The main advantage of this approach is that it helps (far more than a sterile dot-point plan) to identify where the slack or boring bits of the story might be. It makes fixing those much easier than doing a structural edit after the fact – 100 words of outline is a lot easier to fix than two chapters of misconceived fiction. And because it’s a relatively easy commitment to write two or three pages of outline, I don’t feel any anxiety about ideas that aren’t working yet. I can just put them on hold and turn my attention to something else, tinkering with the outline when I get a new idea or figure out a fix to a problem.

So far it’s working. Whenever I sit down for a writing session I can glance at the story beats and know exactly what I have to write. That helps me to cut through my usual procrastination rituals and get straight to writing. Writing the story beats out beforehand satisfies my inclination as a pantser/discovery writer, by letting me explore the idea and tell the story without committing to five or ten or ninety thousand words first. At the same time, a loosely sketched-out outline with which I have told the story to myself leaves plenty of room for discovering the tone and the characters and the smaller nuances of the piece. It seems to hit the right balance for me.

It’s a method I aim to experiment with more. I have a rough idea for a three-novel science fiction adventure that I plan to develop using story beats. Unless I have another idea that jumps the queue in the meantime, I’ll probably make that the next project in the pipeline, starting with developing the characters and figuring out the story beats, and then (if and when I have the energy) seeing how long it takes to turn that into an actual story.
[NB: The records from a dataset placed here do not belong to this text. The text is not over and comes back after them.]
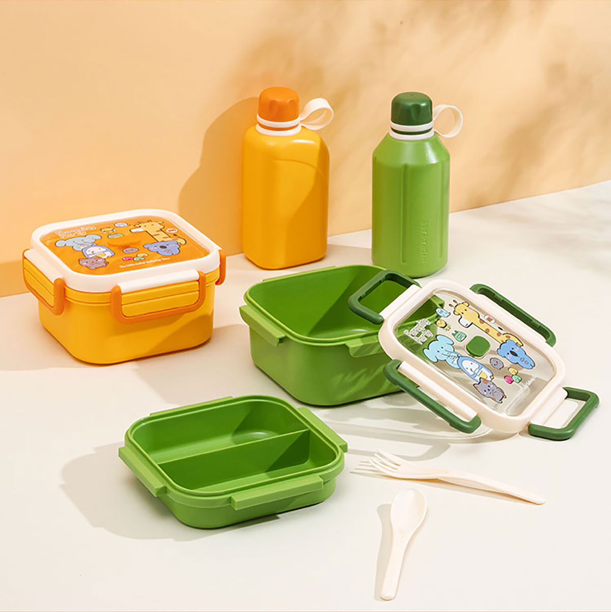 尚趣正方雙層飯盒(1100ml)/+圓形/方形運(yùn)動水壺(500ml)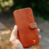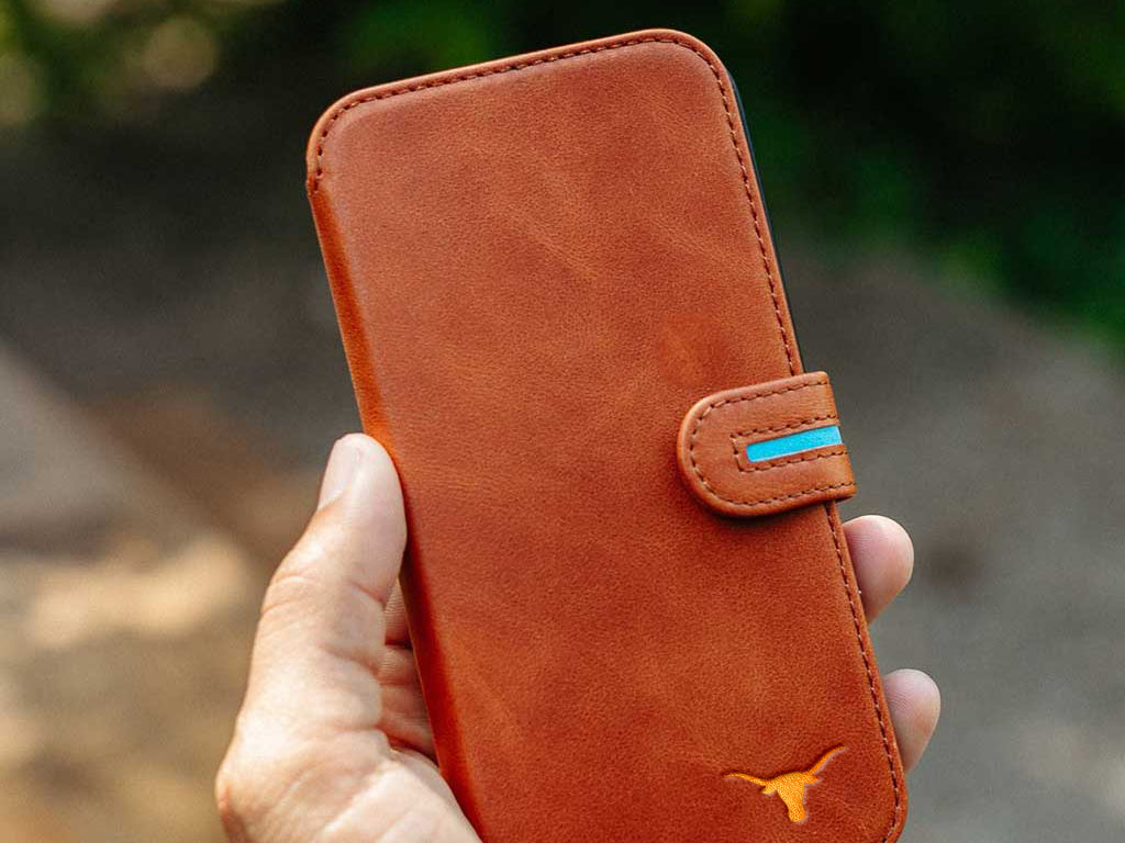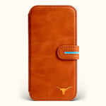 Officially licensed by the University of Texas at Austin, the Executive Leather iPhone Wallet Case Folio in Burnt Orange is a GameDay essential elevated with Bluebonnet craftsmanship. Made from premium full-grain Italian leather, it’s finished with a luxury foiled Longhorn logo and subtle Austin-inspired interior pattern. Multiple card and cash pockets keep you organized and game-ready, while MagSafe compatibility and wireless charging make it effortless for everyday use. With an integrated TPU bumper for superior drop protection, this heirloom piece blends Longhorn pride, Austin roots, and lasting luxury.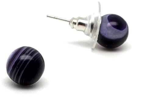 Achát fülbevaló (golyó szinezett sáv lila Ásvány fülbevaló) Amit az achátról érdemes tudnod: Az achát minden színben fellelhető, többnyire szürke, kékesszürke, zöldesszürke, szürkésfehér, barna csíkozással, áttetsző. Lelki gyógyhatás: Az achát lelki gyógyhatásai közül a legkiemelkedőbb a segítségnyújtása félelmeink leküzdéséhez. Ez a mutatós kő remény
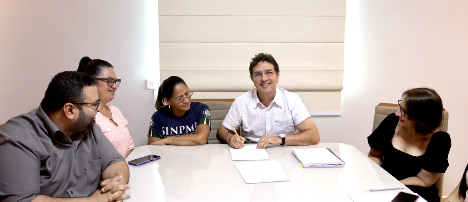 Durante o ato de assinatura, o prefeito recebeu a equipe do Sindicato dos Profissionais da Educação de Itacoatiara, além da secretária municipal de Educação, Vanessa Miglioranza. O momento foi marcado pelo diálogo e pelo alinhamento em torno da implementação do novo piso nacional.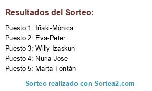 Lista de participantes: Eva-Peter, Iñaki-Mónica, Marta-Fontán, Nuria-Jose, Willy-Izaskun.
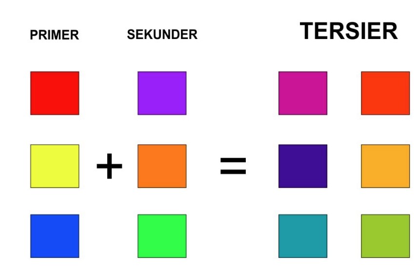 Ini merupakan jenis warna hasil dari perpaduan tiga warna atau bisa juga dikatakan sebagai perpaduan warna primer dan sekunder. Adapun contoh dari warna tersier yaitu: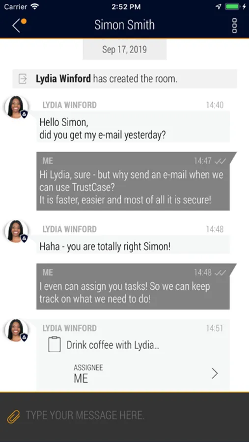 Fast, simple and end-to-end encrypted for complete peace of mind, TrustCase lets you do much more than simply send text messages. TrustCase gives you the tools to effectively manage teams in all situations. It allows you to create and delegate tasks and monitor what has already been done.
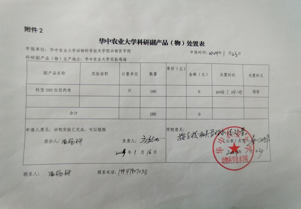 华中农业大学科研副产品(物)处置公示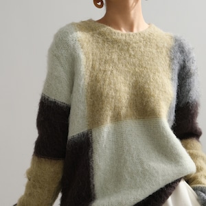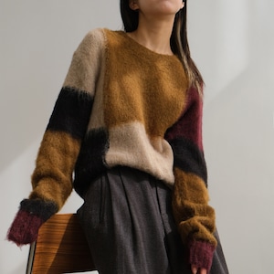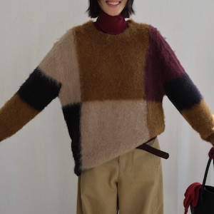 パッチワークデザインが目を引く、オーバーサイズニット。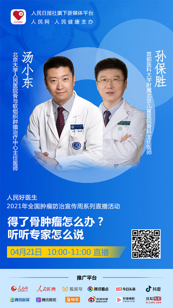 2021年4月21日10:00-11:00我們有幸邀請(qǐng)到北京大學(xué)人民醫(yī)院骨與軟組織腫瘤治療中心主任醫(yī)師湯小東,首都醫(yī)科大學(xué)附屬北京兒童醫(yī)院骨科主任醫(yī)師孫保勝做客人民好醫(yī)生名醫(yī)直播欄目。給公眾科普骨腫瘤相關(guān)知識(shí)。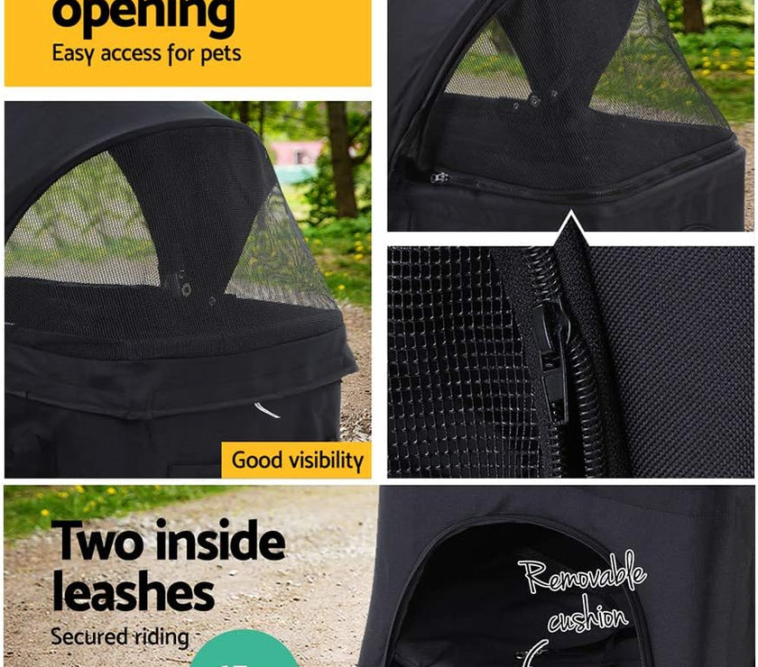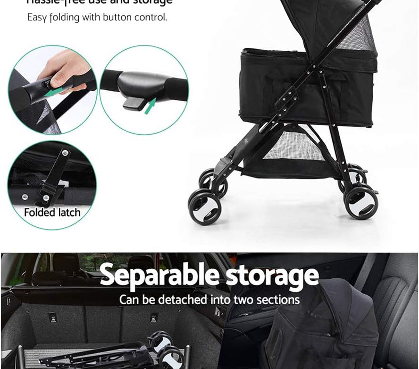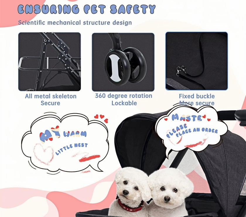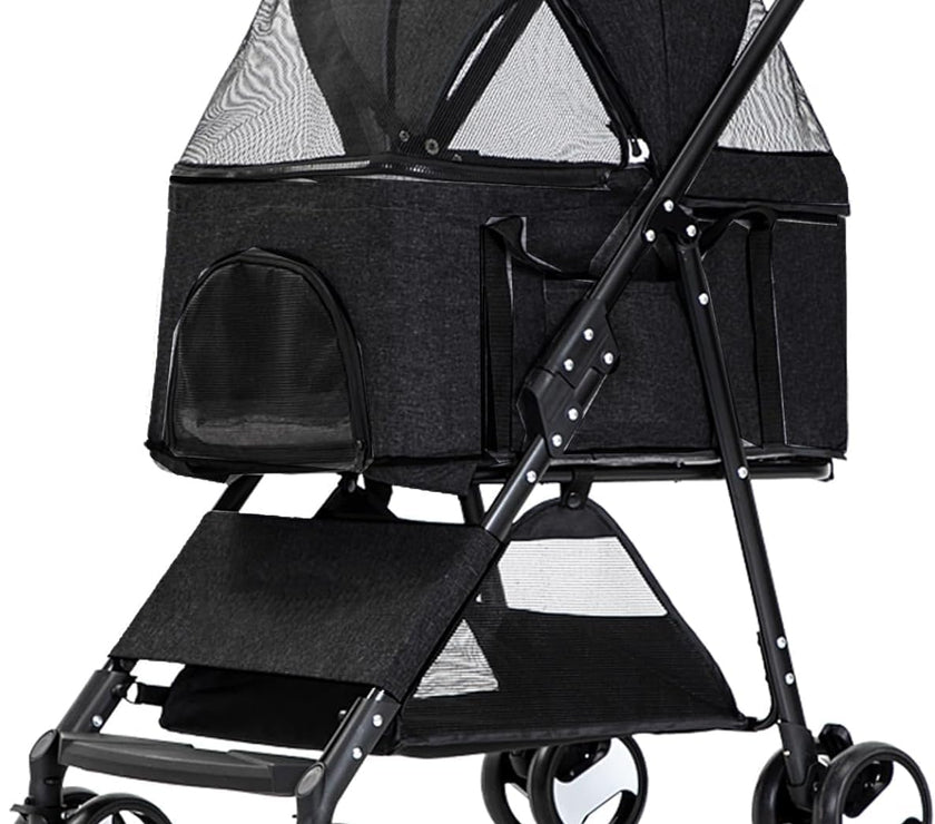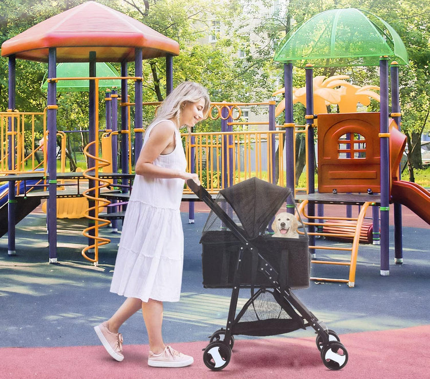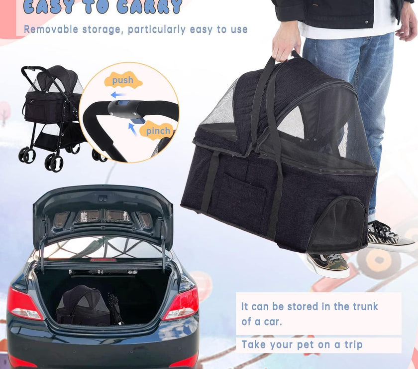 With its four smooth-rolling wheels, this stroller provides a smooth and stable ride for your beloved companion. Whether you're strolling through the park or taking a leisurely walk in the neighborhood, the sturdy construction and secure harness system keep your pet safe and secure throughout the journey.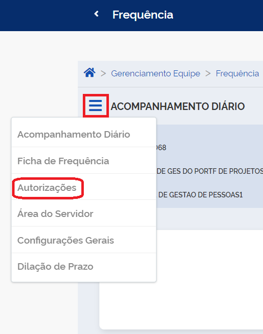 Selecione "Acompanhar Frequência", após, clique no menu localizado ao lado de "ACOMPANHAMENTO DIÁRIO" e em "Autorizações":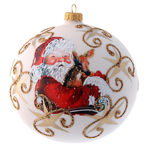 White opaque Christmas tree ball with Father Christmas and deer sized 150 mm. This blown glass Christmas decoration is ideal to decorate the tree or the house and it is made according to the traditional technique. The ball is then hand painted. Every product is different from another: this is what makes these Christmas balls unique.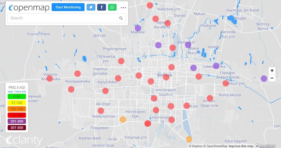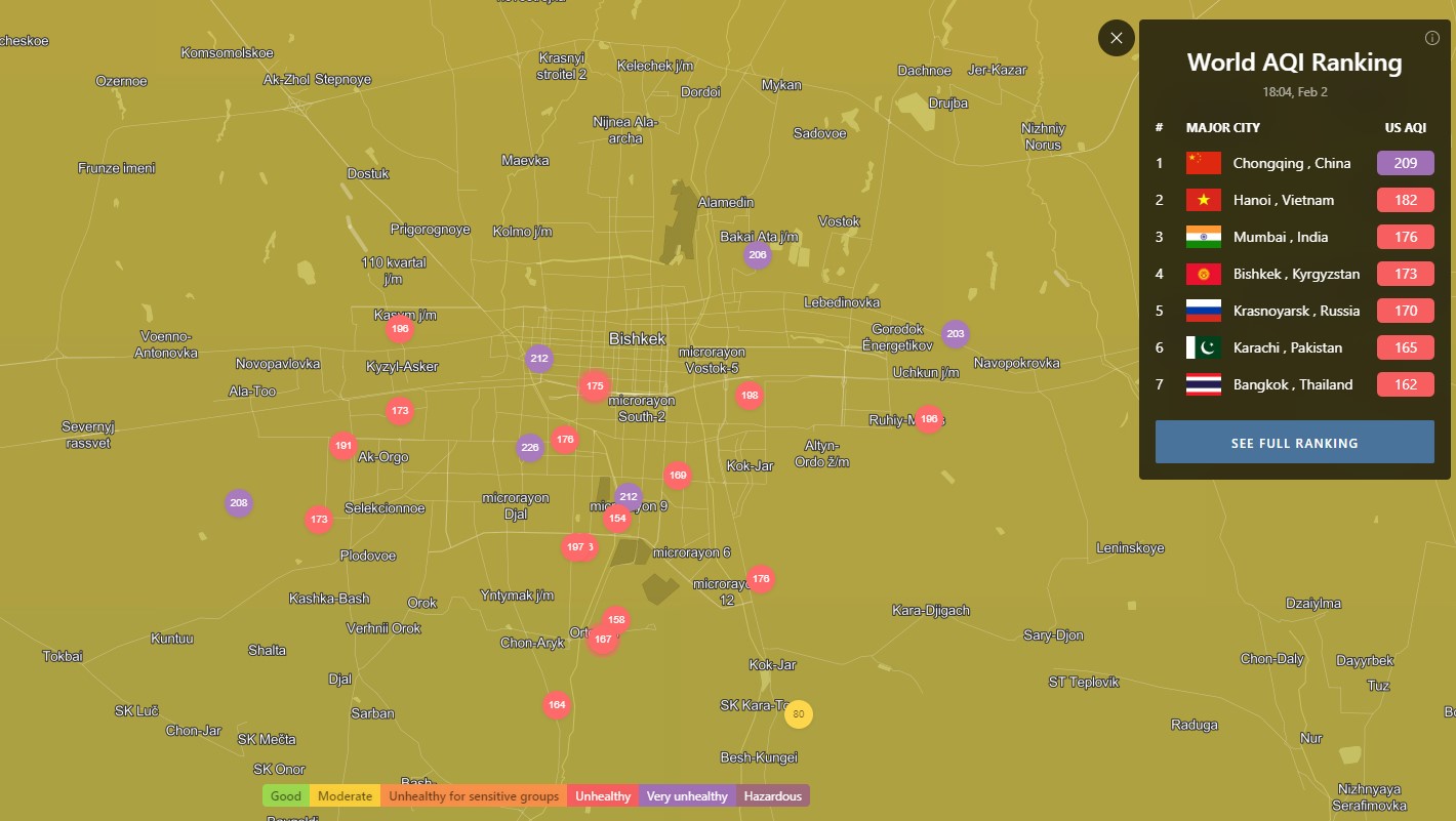 В рейтинге крупнейших городов мира по качеству воздуха World Air Quality Бишкек поднялся на 4-е место.
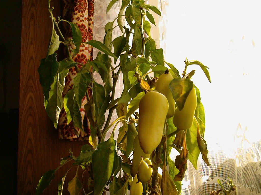 Leírás: Novemberi paprika virágzott,utóérésû paradicsom a szobában három hét elteltével is.

…probably a long time though.


  1. Can you tell me more about your three-novel science fiction adventure so I can start in on some concept art for the inevitable Broadway musical adaptation? *looks hopeful*

    Comment by Dr Clam — May 11, 2014 @ 9:23 am

  2. When I write the story beats, I’ll send ’em to you for critique/ripping to pieces/kindling.

    Comment by lexifab — May 11, 2014 @ 1:11 pm

  3. Woot! Gysin-style cut-ups of Lexifab story beats read out loud to an 11 images per second montage of the results of a Google image Search on: “Gysin-style cut-ups of Lexifab story beats read out loud to an 11 images per second montage of the results of a Google image Search on” coming up. 2015 will be nifty-keen!

    Comment by Dr Clam — May 11, 2014 @ 8:29 pm

  4. You realise, of course, that I was forced to Google Gysin just to understand this joke?

    Comment by lexifab — May 11, 2014 @ 8:46 pm

  5. This Blog is nowhere near neglected. Your new job plan seems quite smooth compared to mine. I don’t really have an exit strategy to my job which doesn’t pay, causes me stress, anxiety, depression – I’ve got the worst boss imaginable but he won’t let me quit, won’t fire me and refuses to train me and won’t let me out of his sight. My only chance of escaping is if he folds, but I wouldn’t wish that upon even him….

    Where are the short stories and stuff? I have a great admiration for those that can write fiction. When I try, it feels like I am just lying.

    Comment by Marco — May 13, 2014 @ 4:39 pm

  6. Hi Marco. I honestly have no idea how anyone manages, running a small business. Though conceivably I will get to find out sooner or later. As for your boss, I suggest you try to get on his good side – maybe butter him up with a nice bottle of wine or something. I bet he likes treats.

    (I started answering the question about the short stories, then I realised I should just do that as a separate blog post, so thanks for the prompt).

    About writing: You say “it feels like I am just lying”. I say, yes, that’s what fiction is, so don’t let that feeling stop you. Hmm, maybe I should do a blog post about how I feel about that idea as well.

    Comment by lexifab — May 14, 2014 @ 3:17 pm

  7. How are them there story beats coming along?

    Comment by Chris — September 16, 2014 @ 2:16 pm

  8. A bit slowly. I come back to them and tinker with the breakdown of my planned novel every so often but it’s not a priority while I’m concentrating on short stories. But I do use them – when I’m finished editing my current WIP I have an I-don’t-have-the-slightest-idea-where-this-is-going story that I will probably develop through beating an outline.